Asia-Pacific News

Russia and China unite against UN force in Syria

By Stefan Korshak and Bill Smith Jan 31, 2012, 14:18 GMT

Moscow/Beijing - The packaging is different but the message is the same: the Russian bear and the Chinese dragon have little appetite for use of force in Syria - and any United Nations Security Council resolution to that effect will be vetoed.

Of the two, the Russians have been the more outspoken, labelling international calls for the ouster of Syrian President Bashar al-Assad - by military intervention if necessary - little less than a sinister western plot for regime change.

'And if he won't leave office, what then? Call in military aviation? Drop bombs? We have already been down that road, and the Security Council will never approve that, I give you my guarantee,' Russian Foreign Minister Sergei Lavrov said on Tuesday during an official visit to Sydney.
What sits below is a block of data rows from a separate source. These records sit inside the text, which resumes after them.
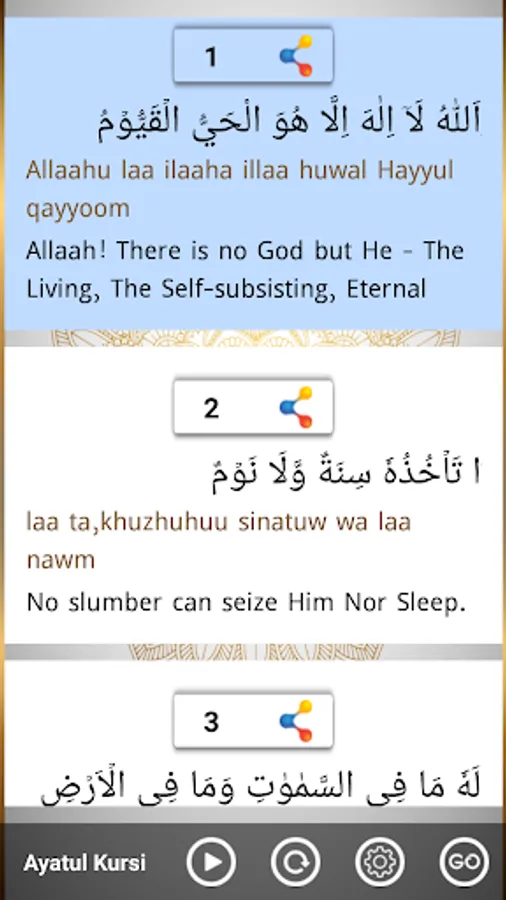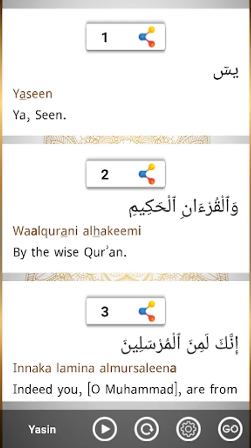 • GoTo option to search any particular verse of the Surahs mentioned in this App
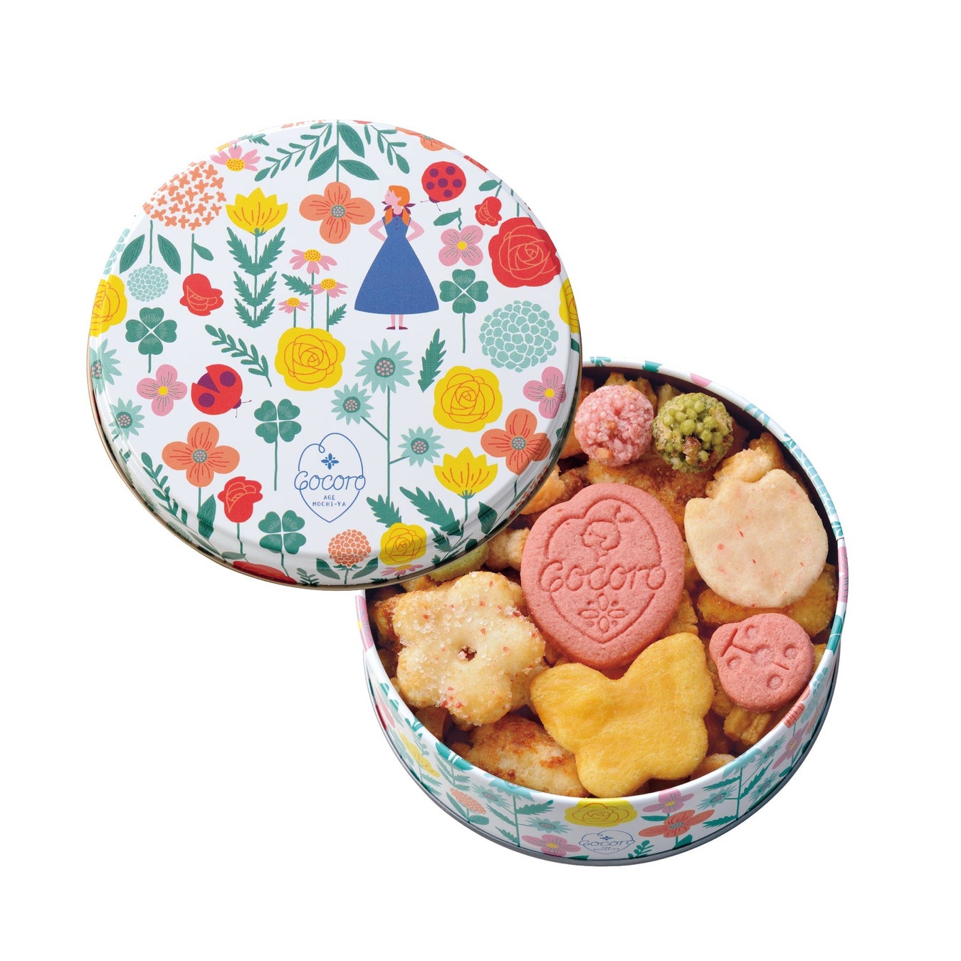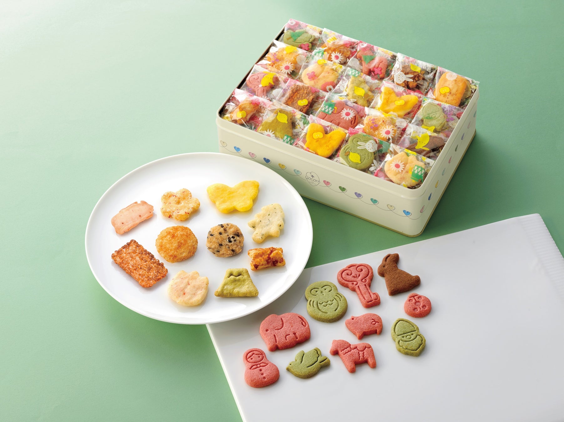 - 世界中のラッキーチャームをかたどった米粉入りクッキーが入った「あげもちCocoroミニ缶」
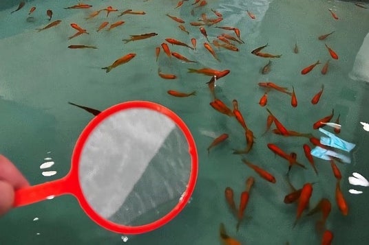 1ポイ300円の金魚すくいは大人気 金魚はリリースいただき、すくった数に応じて景品と交換します
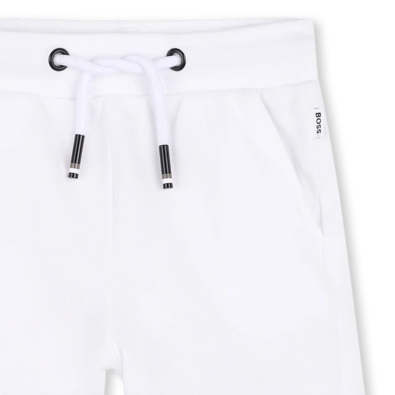 Stimola la creativitร del tuo piccolo con questo set BOSS elegante e comodo. Composto da una polo in cotone in spandex pique e pantaloncini bermuda in jersey, questo set รจ perfetto per le giornate di sole. La chiusura dei bottoni e il contrasto bicolore aggiungono un tocco moderno, mentre l’iconico logo BOSS sul petto enfatizza uno stile chic. Con maniche a coste e bermuda elasticizzati, questo set รจ pensato per accompagnare ogni movimento e avventura!
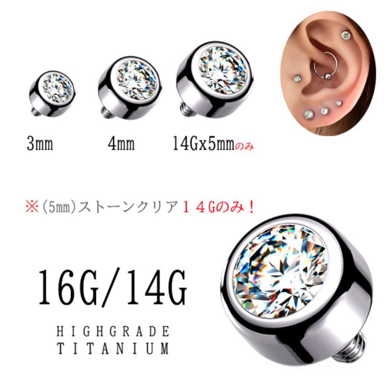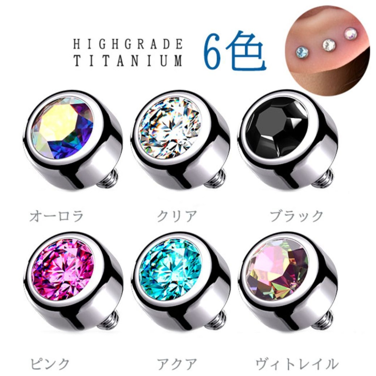 ・金属アレルギー対応ピアスです。台座がハイグレードチタン(医療用チタン)なのでアレルギーの方にも比較的安心してご使用頂けます。 ストーンサイズも3サイズから選べのでさりげなくや目立たせたいなどに合わせてサイズをご選択下さい。※パーツのみの販売です。※キャッチにネジ山がついたインターナルネジピアスになります。※再入荷カラーについて※ 【16Gの3mmフルカラー】【16Gの4mmクリアのみ】【14Gの3mmクリアのみ】【14Gの4mmフルカラー】【14Gの5mmクリアのみ】出来ます、記載のないカラーはメーカーで作っていませんのであらかじめご了承ください。
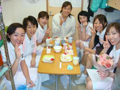 写真はいつものようにギュウギュウのスタッフルームで(笑)、イチゴのショートケーキをみんなで食べながら、きれいな花束を片手に記念撮影をしました。
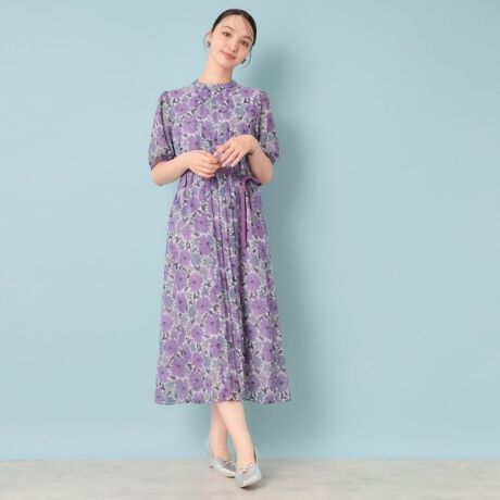 衿元から裾に施したプリーツのなびきが美しいスタンドカラーワンピース。
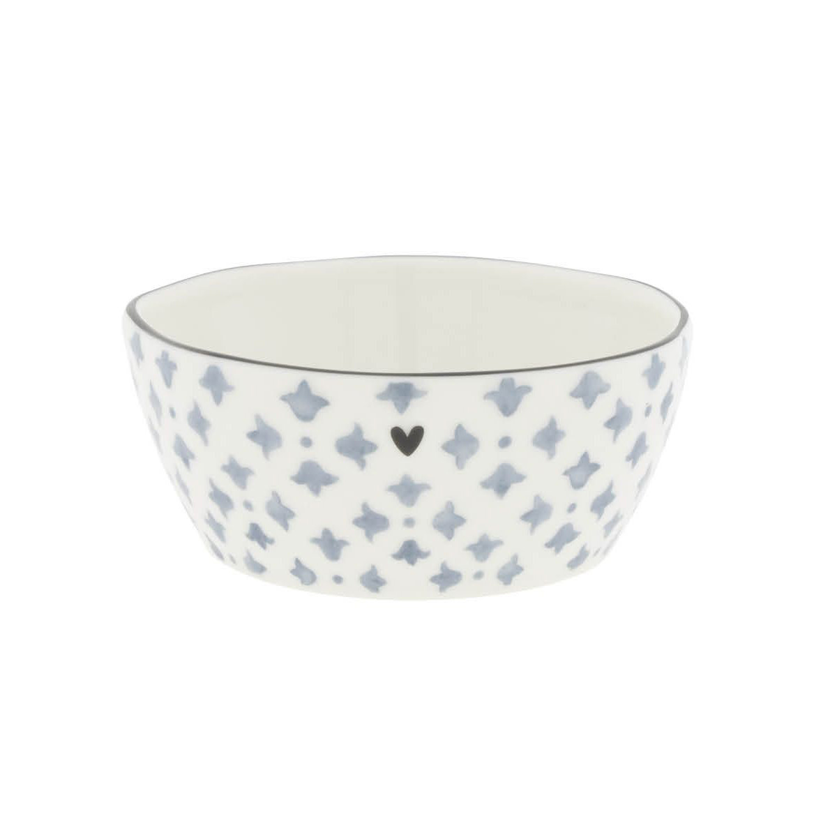 Het "Iris Blue" kommetje van Bastion Collection heeft een charmant patroon van blauwe details en een klein zwart hartje, wat een stijlvolle en speelse uitstraling geeft. Met zijn compacte formaat van 6,8 x 9,5 x 3 cm is dit kommetje ideaal voor het serveren van kleine hapjes, sauzen, dips of lekkernijen zoals fruit en koekjes.
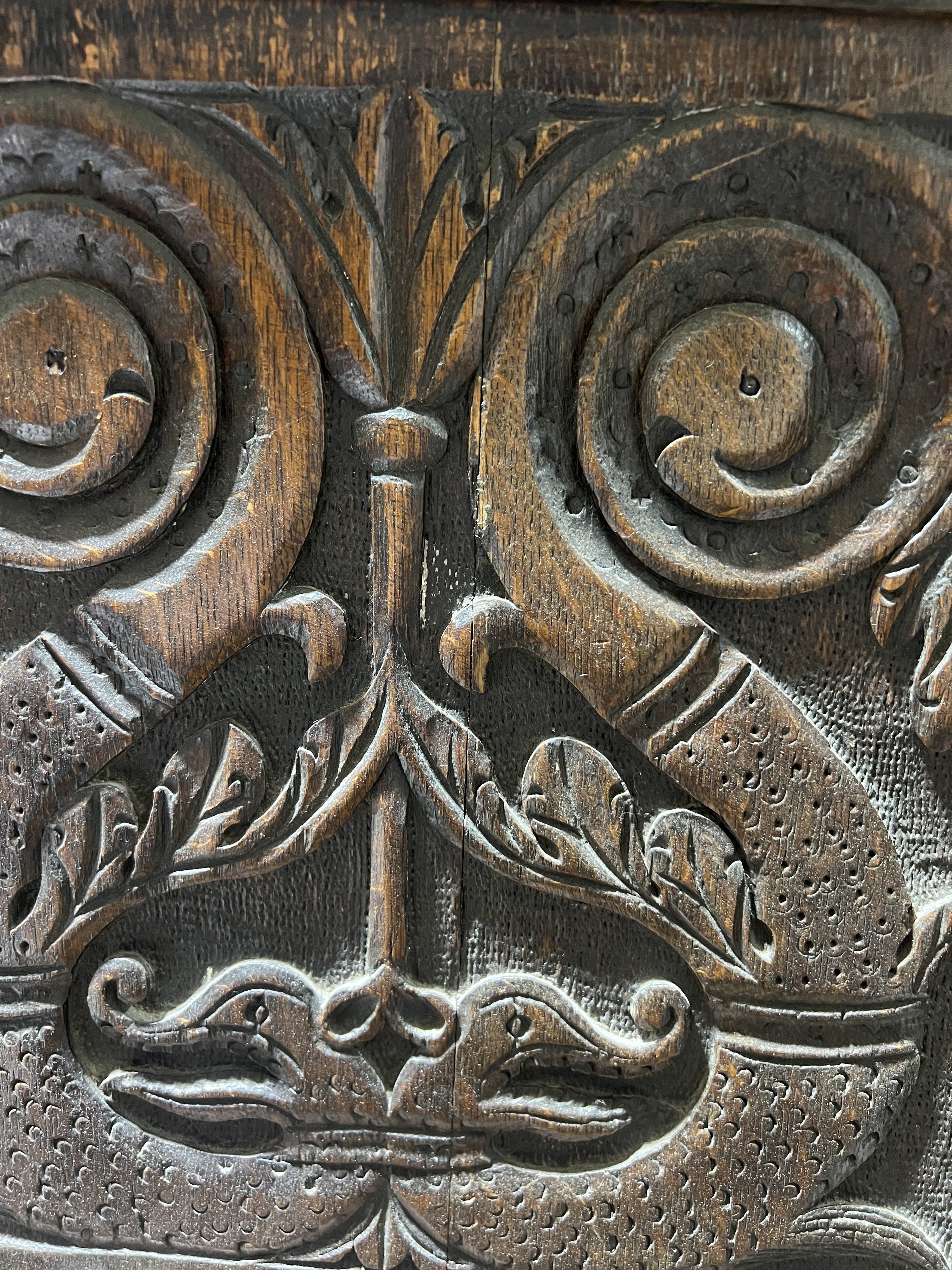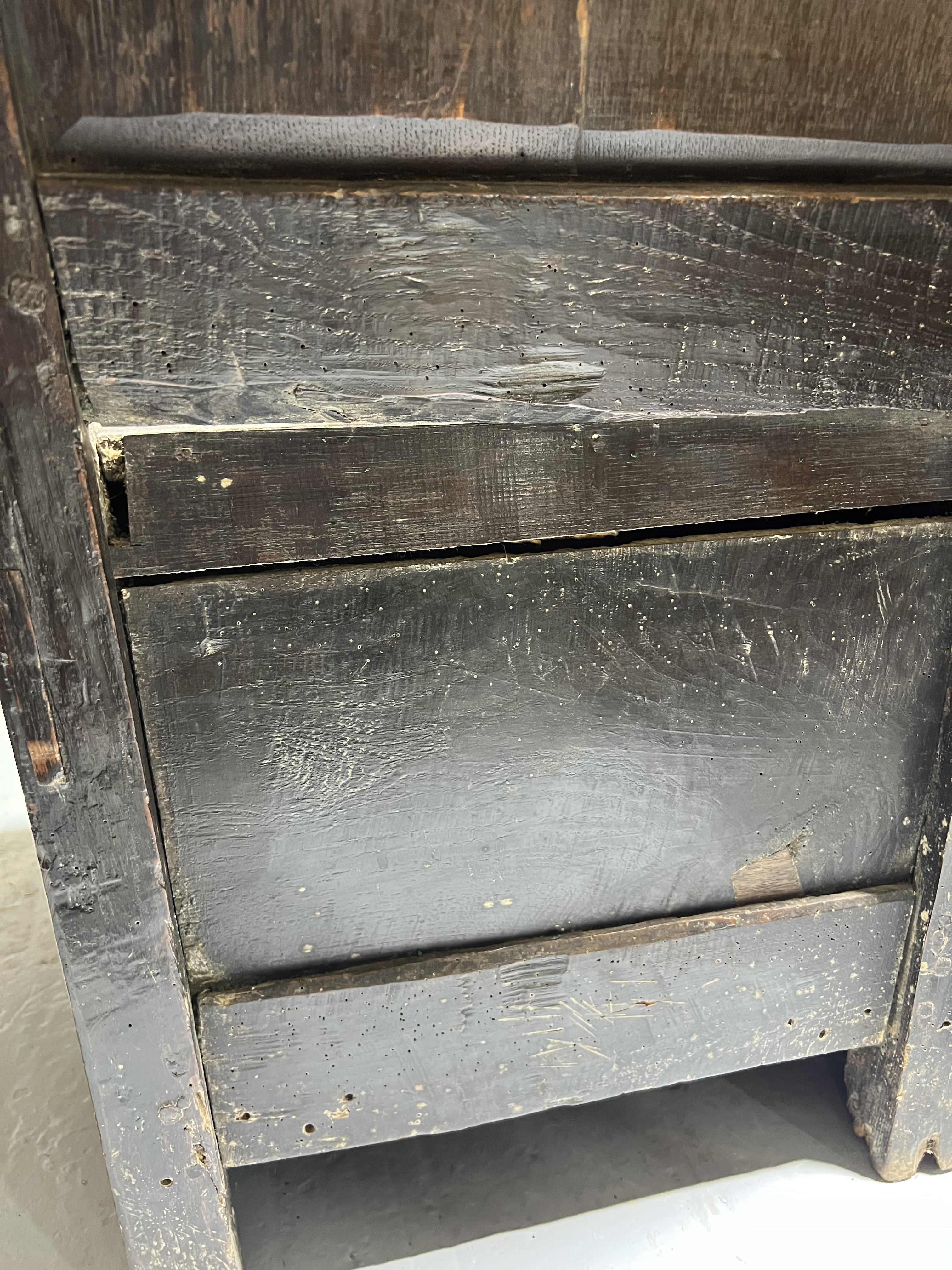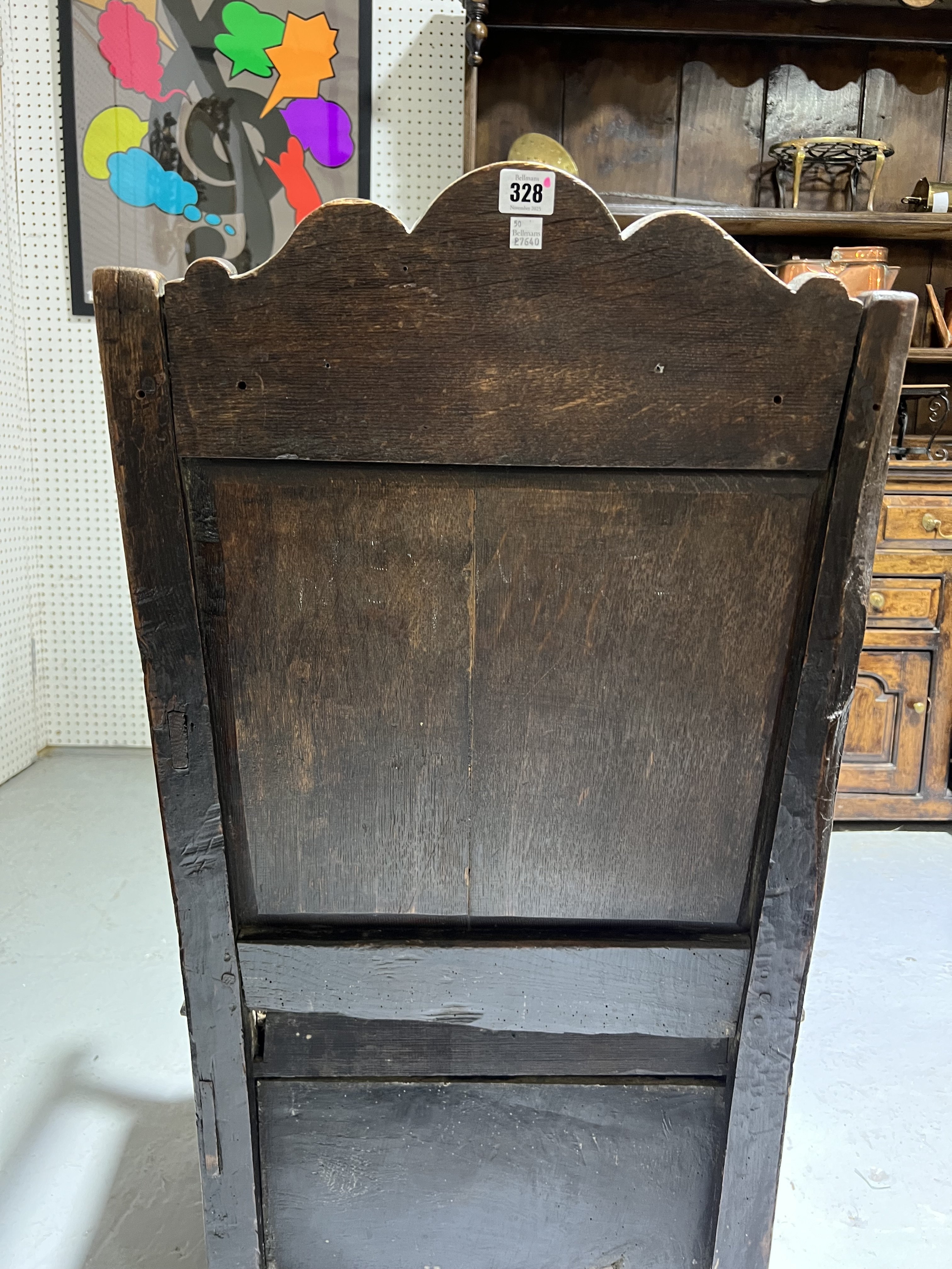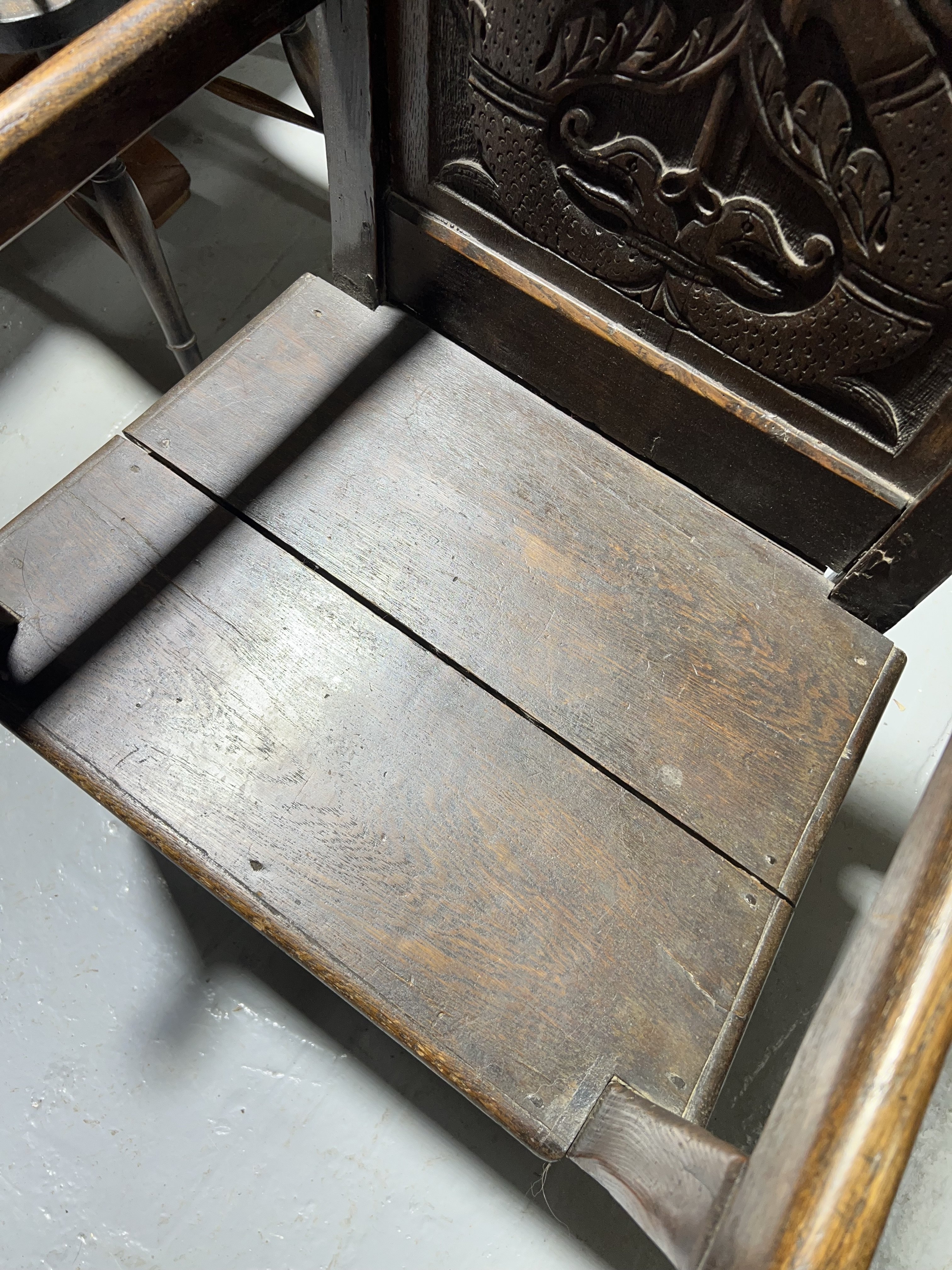 old marks and scratches expected with the age, panelled back and carved top rail are later, split to the seat, traces of old wood worm, frame/ joins are loose so some movement to the frame.

Russia's state-controlled media has in recent months diligently chronicled the growing death toll from months of fighting between the Syrian regime and the opposition, frankly describing the conflict as a 'civil war' in which pro-Assad forces are doing much more of the killing, frequently with arms and ammunition made in Russia.

But both Russian officials and official new agencies have, as Syria's unrest has worsened, remained in lockstep agreement that Moscow is Damascus' friend and that a relationship giving Russia its main Middle Eastern military outpost should definitely continue.

Soviet-era installations in the Syrian port Tartus are being overhauled into an expeditionary base for Russian warships, al-Assad's army is a top buyer of Russian missiles and fighter jets and Russian business investments in Syria total around 20 billion dollars, according to Russian news reports.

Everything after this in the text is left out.